Copy the complete listing word for word, but do not carry over any images.

COLLECTED DATA Block Start

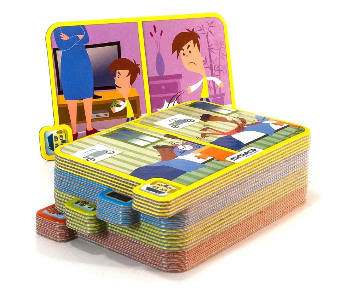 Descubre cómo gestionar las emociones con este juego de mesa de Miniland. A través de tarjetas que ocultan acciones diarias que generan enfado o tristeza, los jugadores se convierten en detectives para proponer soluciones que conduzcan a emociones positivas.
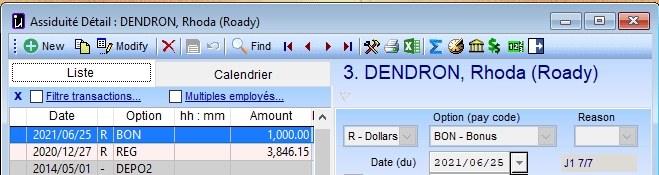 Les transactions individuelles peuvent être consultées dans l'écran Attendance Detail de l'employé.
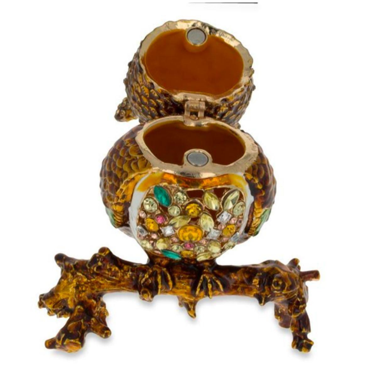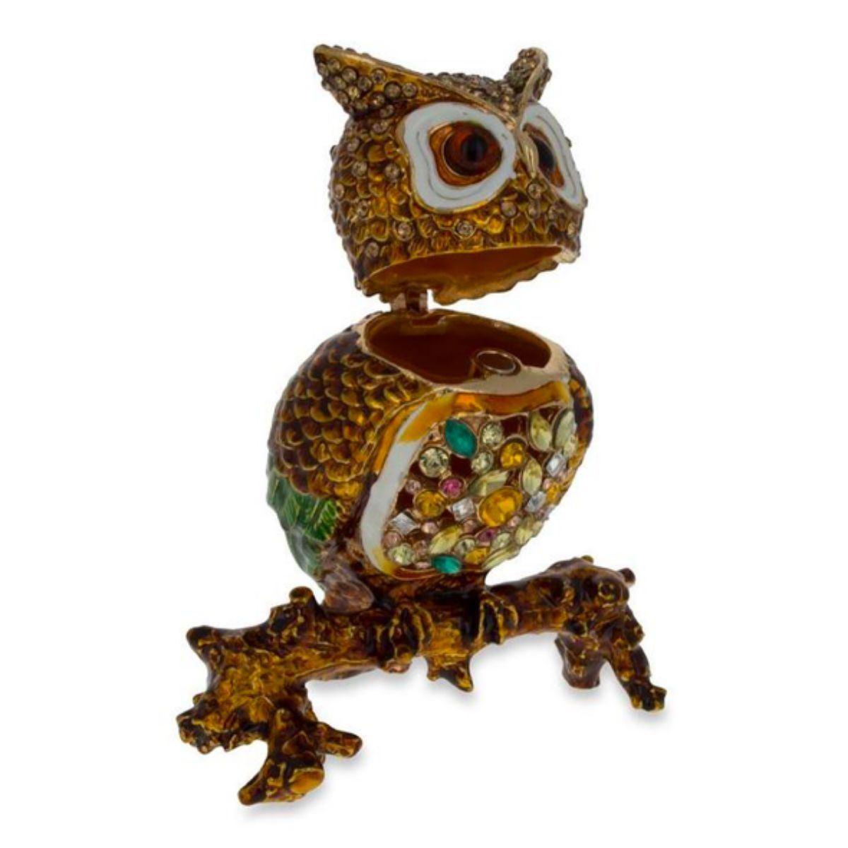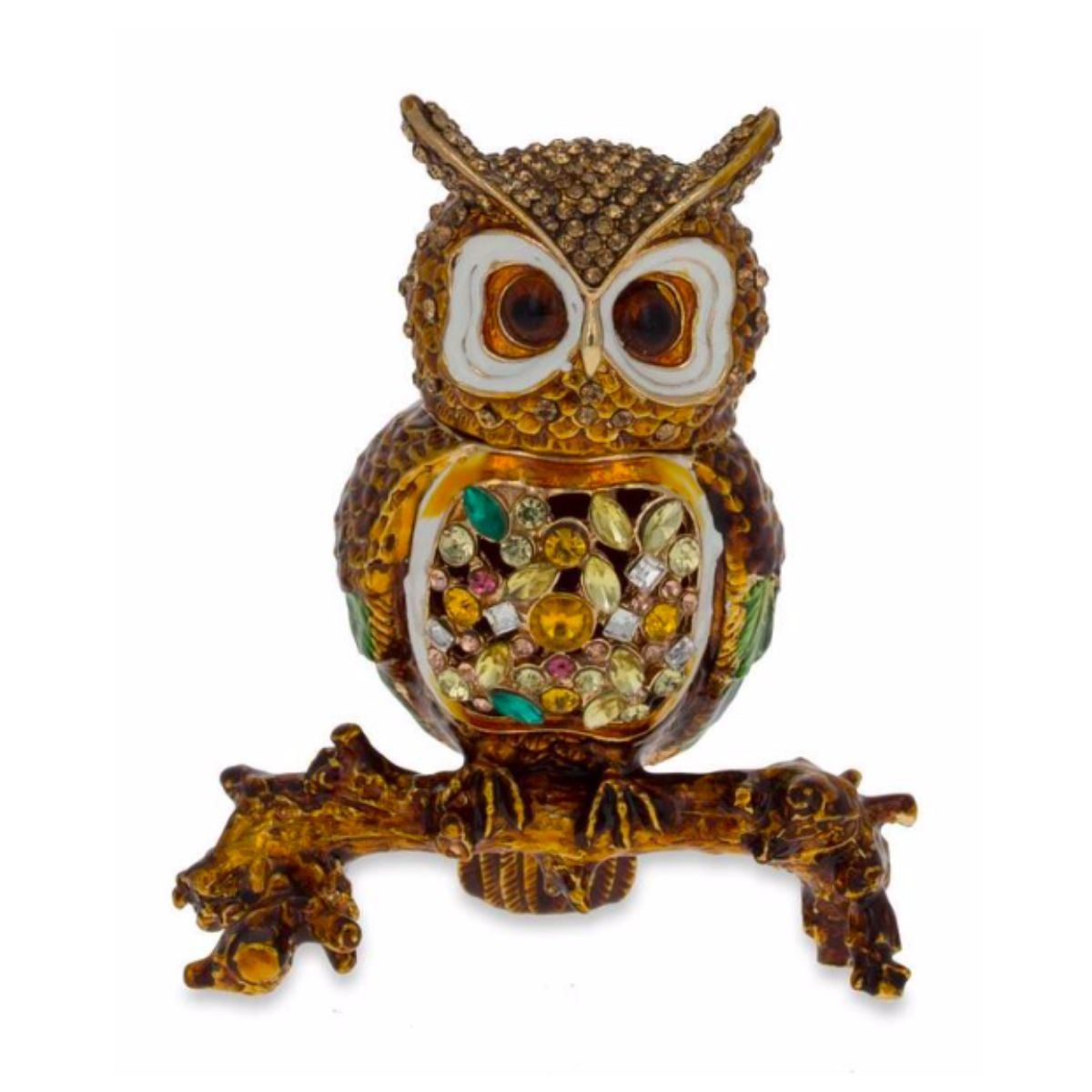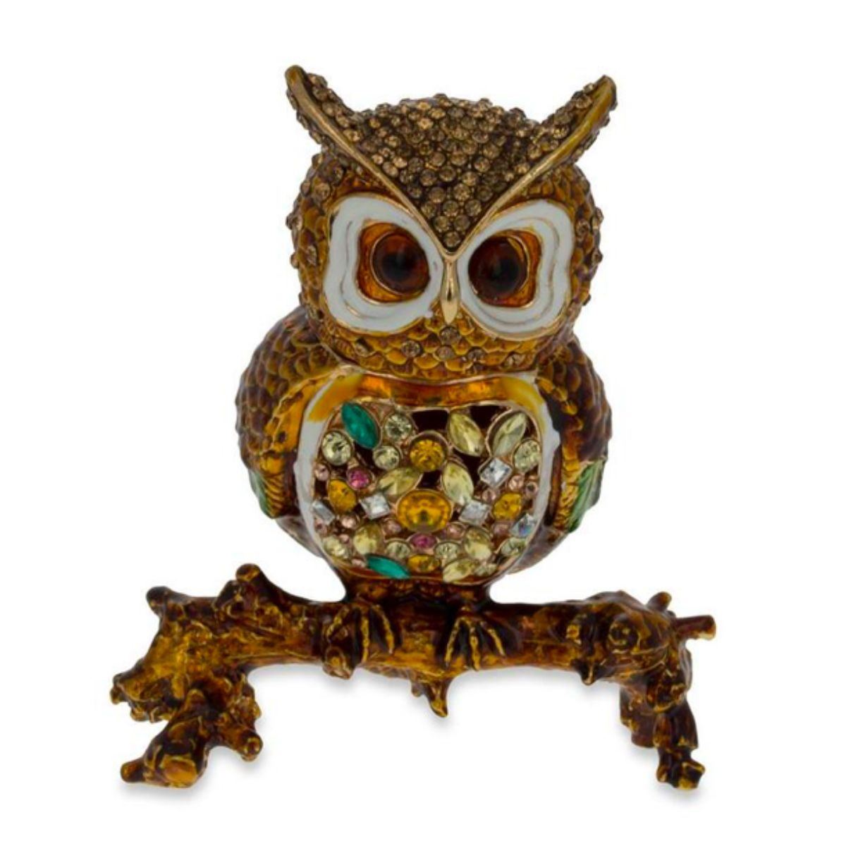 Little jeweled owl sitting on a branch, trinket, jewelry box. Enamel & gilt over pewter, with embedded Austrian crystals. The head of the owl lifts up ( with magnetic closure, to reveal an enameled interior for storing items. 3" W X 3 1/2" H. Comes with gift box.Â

COLLECTED DATA Block End

EXERCISE OUTPUT:
 Descubre cómo gestionar las emociones con este juego de mesa de Miniland. A través de tarjetas que ocultan acciones diarias que generan enfado o tristeza, los jugadores se convierten en detectives para proponer soluciones que conduzcan a emociones positivas.
 Les transactions individuelles peuvent être consultées dans l'écran Attendance Detail de l'employé.
 Little jeweled owl sitting on a branch, trinket, jewelry box. Enamel & gilt over pewter, with embedded Austrian crystals. The head of the owl lifts up ( with magnetic closure, to reveal an enameled interior for storing items. 3" W X 3 1/2" H. Comes with gift box.Â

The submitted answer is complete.